船に乗って訪れることのできる島に行ったときです。島から出る船から海に飛び込んでシュノーケリングをしていました。シュノーケリングが終わってまた別の島に移動しているとき、船の中でなんだか気持ち悪くなってきました。私は「船酔いかな?」と思ったのですが、島に着いてからも良くなりません。今度もやや意識が朦朧とする中その日の行動を振り返ってみると、
「あれ、そういえば全然水分を取ってないかもしれない。もしかしてまた脱水症状か?」
そう思った私は友人たちに2か月前の出来事を話し、水を持って来てもらいました。
島のベンチで水を飲みつつ寝てました。ガイドのお兄さんが親切にずっと対応してくれました。友人たち、ガイドのお兄さん、ありがとう。

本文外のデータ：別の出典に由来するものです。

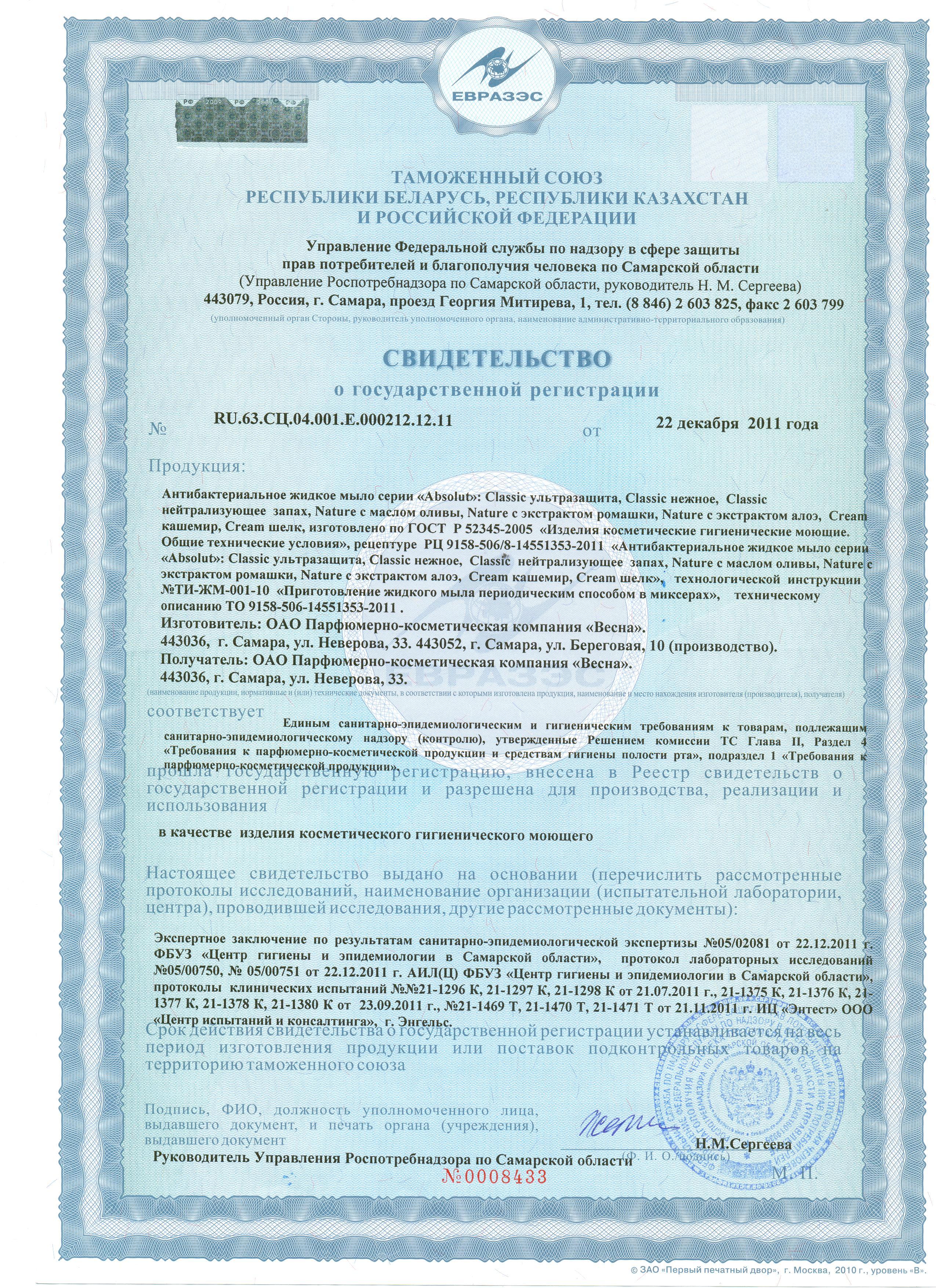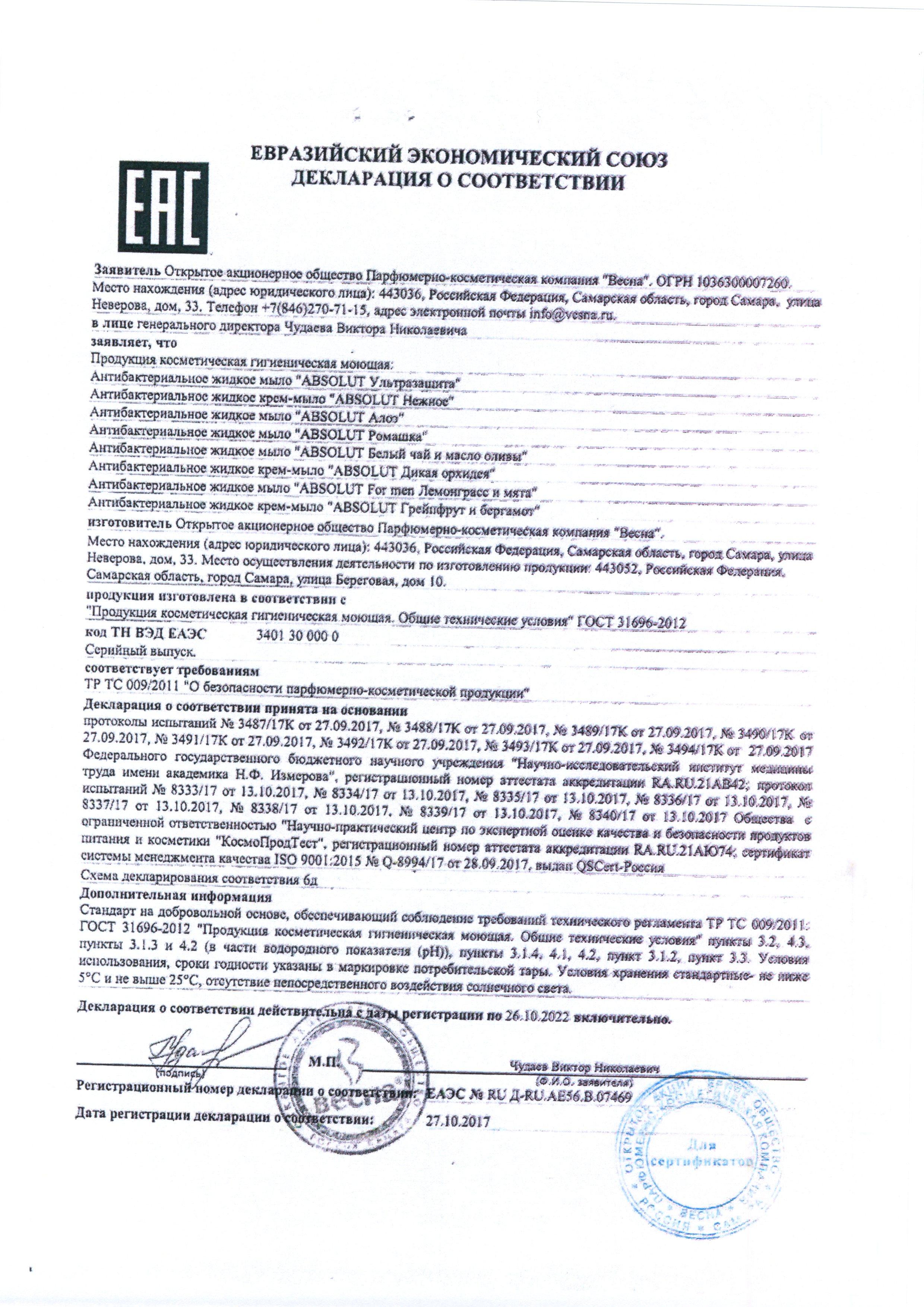 Сертификат на товар - Мыло жидкое Absolut Classic антибактериальное 250 мл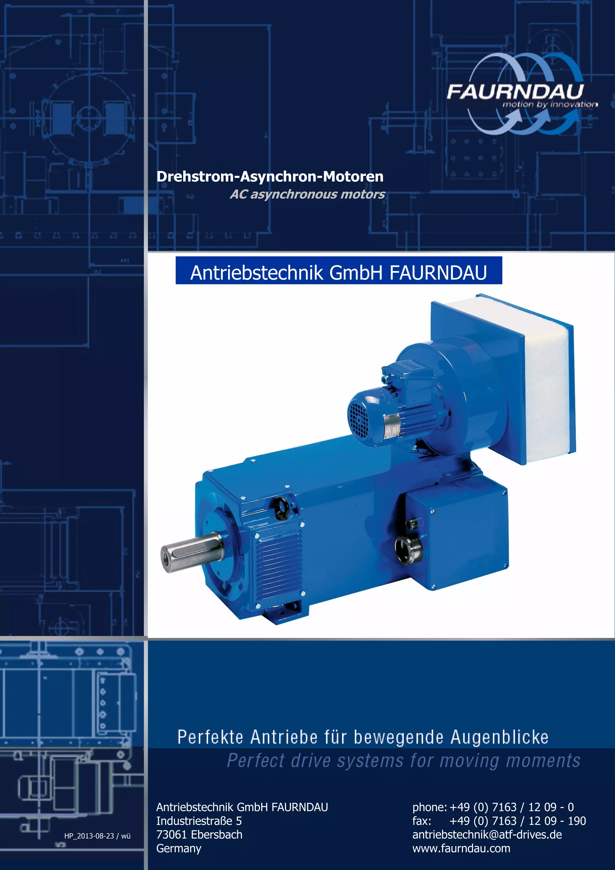 Das Dokument beschreibt die technischen Spezifikationen und Merkmale von Drehstrom-Asynchronmotoren der Firma Antriebstechnik GmbH Faurndau. Es enthält Informationen zu Typcodes, Bauformen, Kühlarten, Schutzarten, Abmessungen sowie spezifischen Leistungsdaten unterschiedlicher Modelle. Die Motoren sind für verschiedene Anwendungen und Anforderungen konzipiert, mit Anpassungsmöglichkeiten hinsichtlich Leistung und Drehzahl.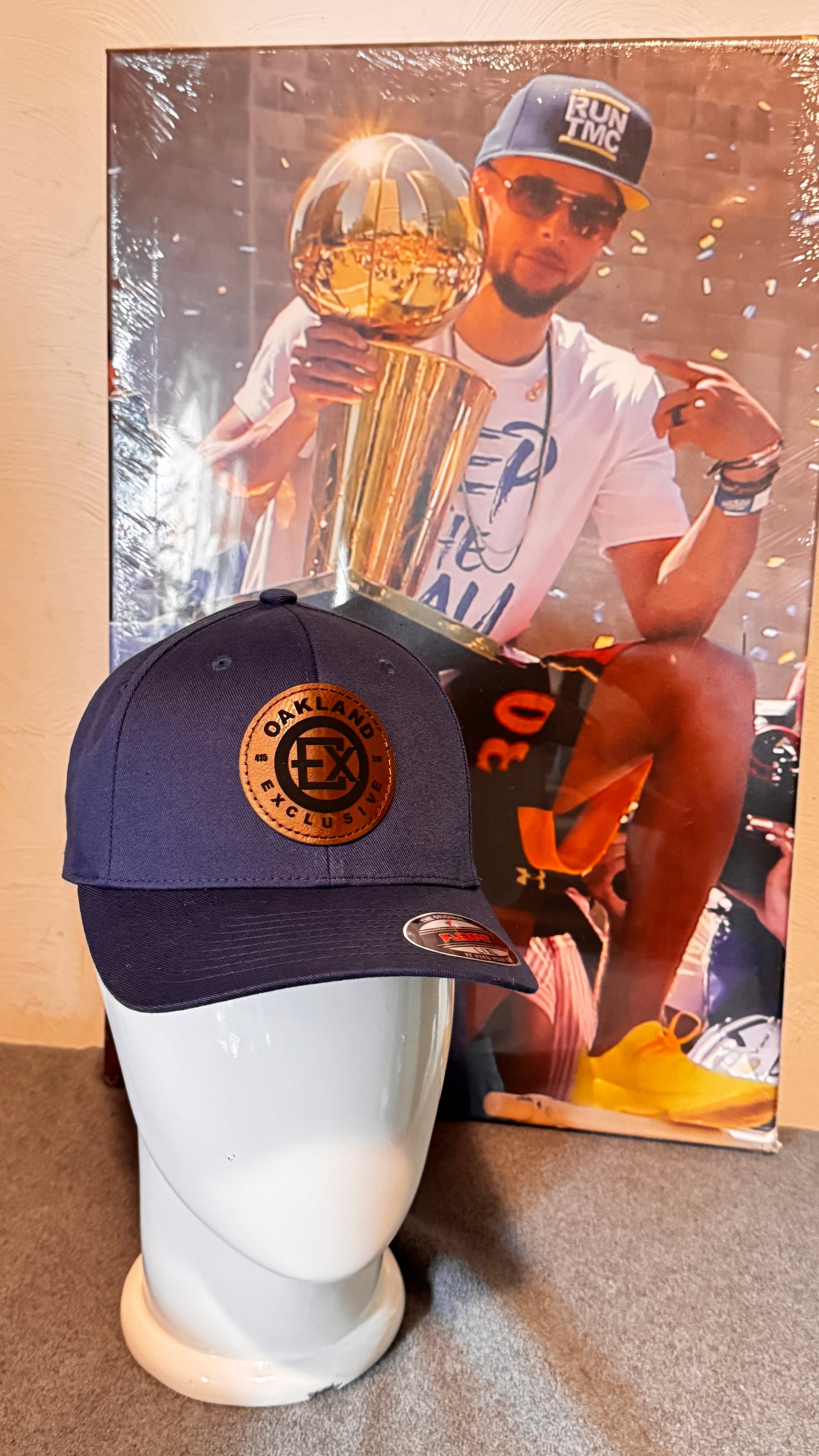 Dark Brown Leather Patch. 6-panel fitted cap for style and comfort, featuring 8 rows of stitching on the structured cap with silver underbill.

加えて、周りにいた他の観光客の方たちも心配してくれました。日本人はいなかったので、たぶん「I didn’t drink enough water.」などという片言の英語で彼らに説明したんだと思います笑心配してくれて ありがとう。正直言うとめちゃくちゃ恥ずかしかったです。けど、本当に友人たちがいてくれて助かりました。1人だったらまた状況は違ったことでしょう。
③水分を摂ることを忘れないで
私は小・中・高とずっと屋外でのスポーツをしてきましたが、暑さでダウンしたことはほぼほぼありません。
しかし、そんな私でも、特に社会人になってからは外に出ることが少なくなったり、体力が衰えていたりして昔とは違うんだということを身をもって体感しました。今でも救急車の音が聞こえるとドキッとします。
救急車で運ばれて以来、外に出歩くときは必ず水筒かペットボトルに水を入れて持参するようにしています。冬であろうと必ず持ち歩きます。
ほんっとうに脱水症状怖いです。死にます。笑い事じゃないです。最近も熱中症の疑いで高齢の方が亡くなったというニュースを見ました。
これからも連日猛暑が続きます。夏生まれということもあって夏はとっても好きです。けどさすがに暑くなるのが早すぎます。どうか皆さんも外出するときは水分を持ち歩いてください。
水を持ち歩くときはやっぱり水筒が便利です。私はHydro Flaskのシリーズを使っています。
こちらは少し大きいのでこちらの方が手軽かもしれません。
また、水だけではなく、塩分を摂ることも重要です。
救急車で運ばれて以来、私は500mLのアクエリアスが24本入った箱を買ってストックしています。
また、ラベルをいちいちはがすのもめんどうなので私はラベルレスのものを買うようにしています。なぜかラベルレスの方が少しだけ高いのですが、
ラベルをはがす手間を省ける
微力ながらも環境に配慮した行動を取れる
という意味でおすすめです!
どうか脱水症状を甘く見ないでください。お腹がタプタプになるくらいたくさん水を飲み、塩分もしっかりと摂りましょう!意識して行動しないと後で心から後悔することになってしまう可能性もあるかもしれません!
最後まで読んでいただきありがとうございました!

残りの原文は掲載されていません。